The Added Difficulties of Single Sided Deafness
Age-related hearing loss, which impacts many adults at some point, will become lateral, in other words, it affects both ears to a point. As a result, the public sees hearing loss as being binary — either someone has normal hearing in both ears or reduced hearing on each side, but that ignores one form of hearing loss completely.
A 1998 research thought that around 400,000 children had a unilateral hearing loss due to injury or disease at the time. It’s safe to say that number has increased in that last two decades.
What’s Single-Sided hearing loss and What Makes It?
As the name implies, single-sided hearing loss suggests a decrease in hearing only in one ear.In extreme cases, deep deafness is possible. The dysfunctional ear is incapable of hearing at all and that person is left with monaural sound quality — their hearing is limited to a side of the human body.
Causes of unilateral hearing loss differ. It can be caused by trauma, for instance, a person standing beside a gun firing on the left may end up with profound or moderate hearing loss in that ear. A disease can lead to this problem, too, for example:
- Acoustic neuroma
- Waardenburg syndrome
No matter the cause, a person with unilateral hearing needs to adapt to a different method of processing audio.
Management of the Audio
The brain uses the ears nearly just like a compass. It identifies the direction of noise based on what ear registers it initially and in the highest volume.
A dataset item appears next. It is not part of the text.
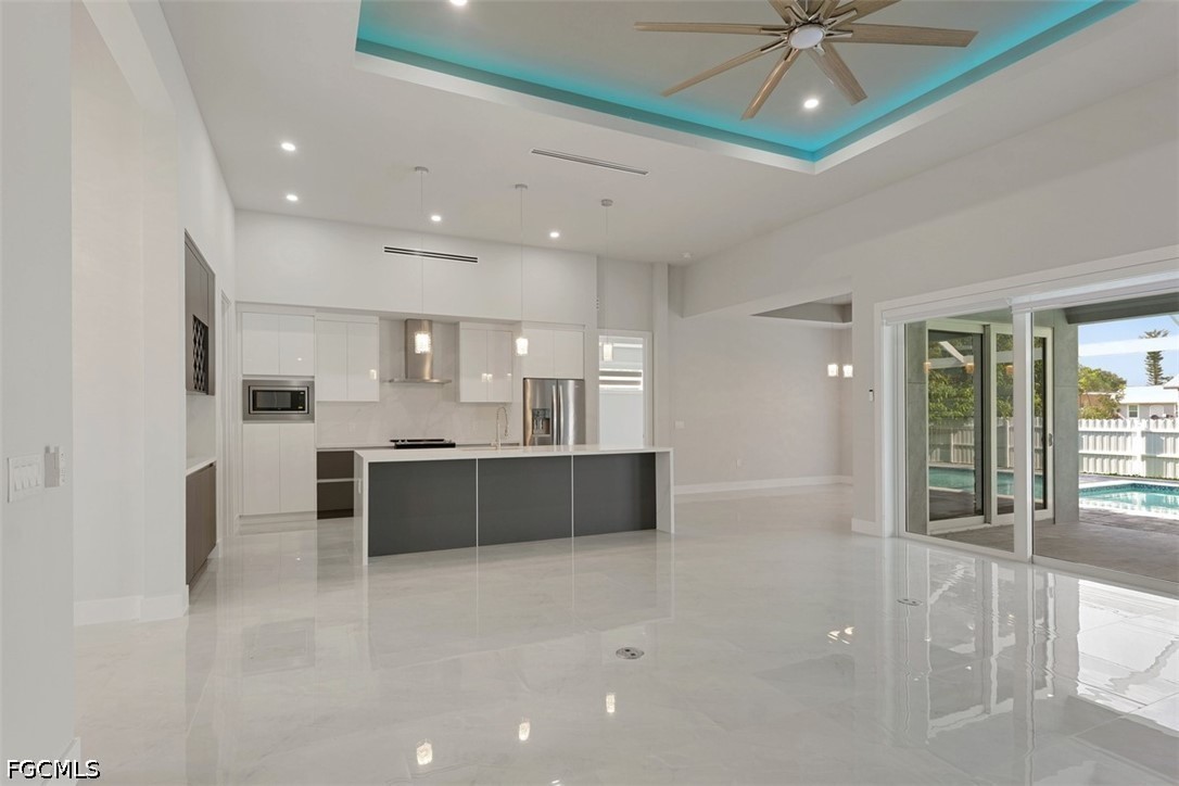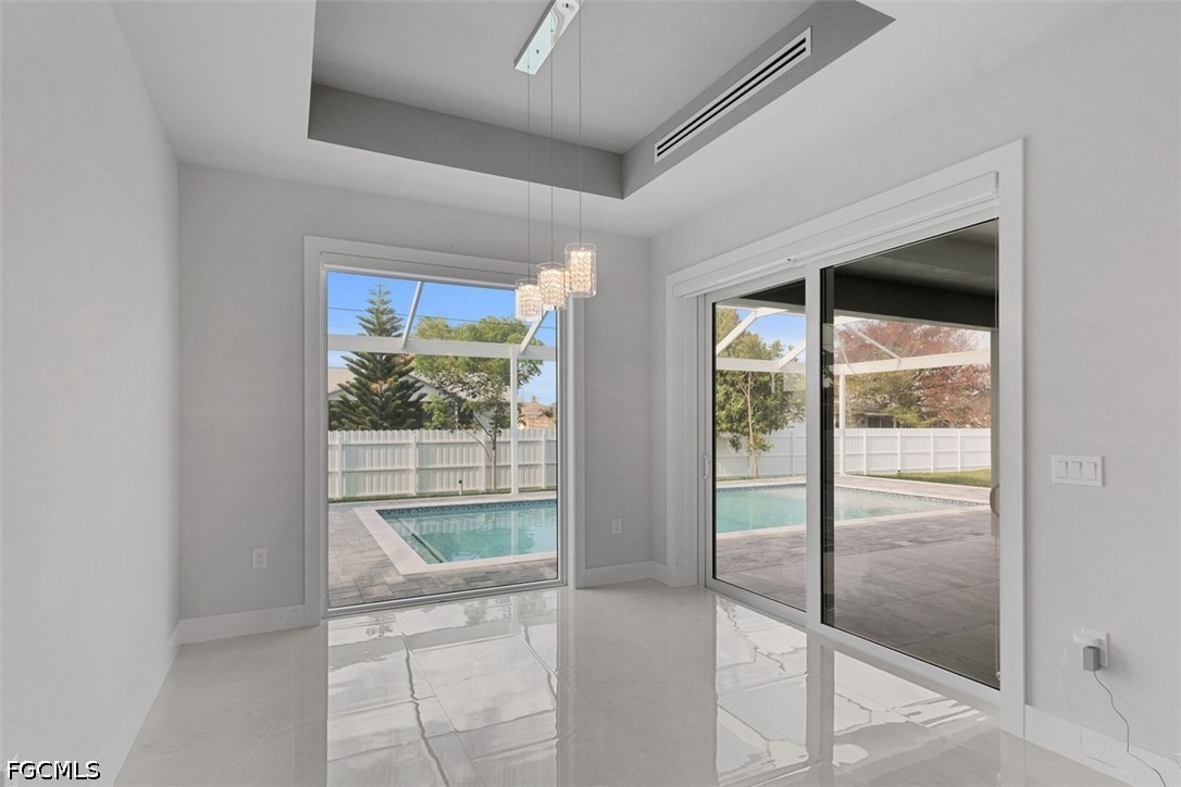 Discover the ultimate Florida lifestyle in this stunning 2024 new-construction masterpiece, situated on a rare and expansive 0.34-acre lot. This 4-bedroom, 3-bathroom residence offers over 2,200 square feet of modern luxury, highlighted by two master suites—perfect for guests or multi-generational living. The interior features a bright, open-concept floor plan with soaring tray ceilings, LED accent lighting, and sleek porcelain tile throughout. The gourmet kitchen is a chef’s dream, boasting a massive waterfall island, custom cabinetry, and high-end stainless steel appliances. Transition effortlessly to your private backyard sanctuary, where a sprawling screen-enclosed pool, premium pavers, and a fully fenced yard provide the perfect setting for relaxation or entertaining. Built with peace of mind in mind, the home includes full impact windows and doors, a durable metal roof, and an oversized 2-car garage with epoxy flooring. Located in a quiet North Cape Coral neighborhood with no HOA, this home is minutes from shopping, dining, and top-rated‌‌‌‌‌‌‌‌‌‌‌‌‌‌‌ schools.

Together with the single-sided hearing loss, the sound is only going to come in one ear regardless of what way it comes from. If you have hearing loss in the left ear, then your mind will turn to search for the sound even if the person speaking is on the right.
Think for a second what that would be similar to. The audio would enter one side no matter where what direction it comes from. How would you understand where an individual talking to you is standing? Even if the hearing loss isn’t deep, sound direction is catchy.
Honing in on Audio
The mind also uses the ears to filter out background sound. It tells one ear, the one nearest to the noise you want to focus on, to listen for a voice. The other ear manages the background sounds. This is precisely why in a noisy restaurant, so you may still concentrate on the dialogue at the table.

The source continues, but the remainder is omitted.